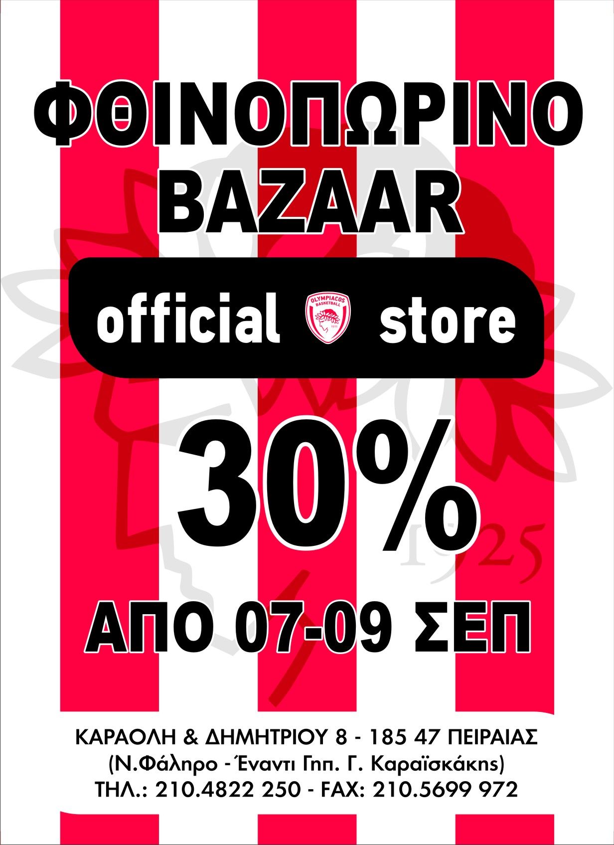 Το Official Olympiacos BC Store διοργανώνει ένα τριήμερο εκπτώσεων 30% σε όλα τα προϊόντα της ΚΑΕ Ολυμπιακός.
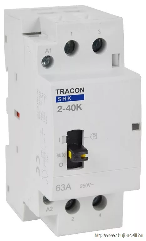 TRACON SHK2-40K Installációs kontaktor 230V AC, 50Hz, 2 Mod, 2×NO, AC1/AC7a, 40A
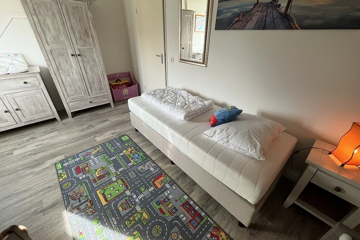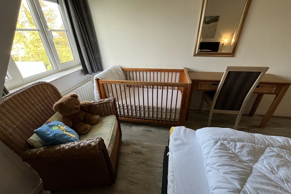 1 Doppelzimmer mit 1 Boxspringbett 90x200 cm plus 1 Kinderbett 140x70 cm , Kindermöbel, Wickelkommode, etc.
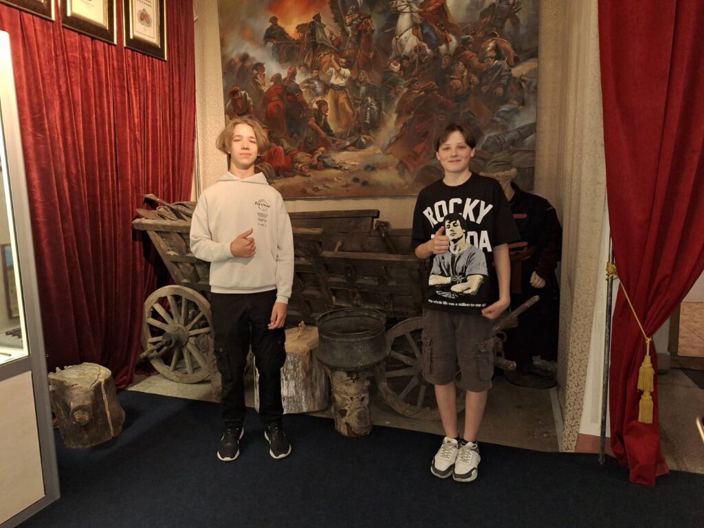 Окрема експозиція- ВІЙНА УКРАЇНСЬКОГО НАРОДУ ЗА НЕЗАЛЕЖНІСТЬ 2014-2022…років. Представлена сучасна зброя, якою наші ЗСУ захищають Україну. Учні на власні очі побачили байрактар, човен-дрон, гранатомет ПТРК, дрони.
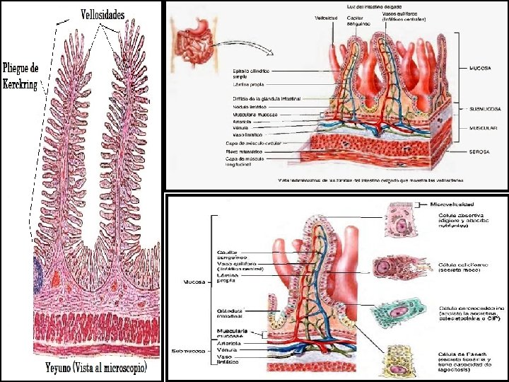 Definiciones • Digestión: Mecanismo de degradación de alimentos en moléculas de tamaño reducido. • Degradación de: Carbohidratos, proteínas y lipidos. • Por: enzimas salivales, jugo gástrico, pancreático y cels. de las vellosidades intestinales. • Absorción: Transferencia de sustancias (productos finales de la digestión) a través de la pared intestinal hacia la sangre. • Principal sitio de absorción: intestino delgado
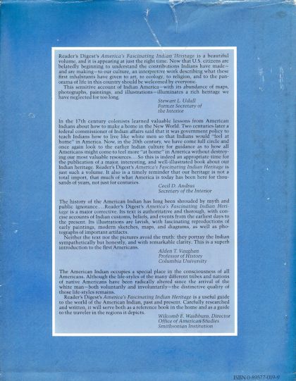 History of North American Indians and Eskimos from pre-historic times. Amply illustrated; 13 chapters: 1, The First Indians: Finding a New World; 2, Lost Indian Civilizations: Kingdoms of the Sun; 3, North America in 1500; 4, The Southeast: The Five Civilized Tribes; 5, The Northeast & Great Lakes: Woodland Warriors; 6, The Great Plains: Nomadic Horsemen; 7, The Southwest: Planters & Herdsmen; 8, Great Basin, California, Plateau: Foragers & Gatherers; 9, The Northwest Coast: Traders & Fishermen; 10, The Subarctic: People of the Caribou; 11, The Arctic: Dwellers in an Icy World; 12, Contemporary Indians: Renaissance of an Ancient People; and, 13, Seeing Indian History.

···

**EXERCISE INSTRUCTIONS:** Write out the lines above from the one with "Окрема експозиція- ВІЙНА" through the one with "Definiciones • Digestión: Mecanismo", ends included, exactly; no picture goes in.

**WRITTEN SOLUTION:**
 Окрема експозиція- ВІЙНА УКРАЇНСЬКОГО НАРОДУ ЗА НЕЗАЛЕЖНІСТЬ 2014-2022…років. Представлена сучасна зброя, якою наші ЗСУ захищають Україну. Учні на власні очі побачили байрактар, човен-дрон, гранатомет ПТРК, дрони.
 Definiciones • Digestión: Mecanismo de degradación de alimentos en moléculas de tamaño reducido. • Degradación de: Carbohidratos, proteínas y lipidos. • Por: enzimas salivales, jugo gástrico, pancreático y cels. de las vellosidades intestinales. • Absorción: Transferencia de sustancias (productos finales de la digestión) a través de la pared intestinal hacia la sangre. • Principal sitio de absorción: intestino delgado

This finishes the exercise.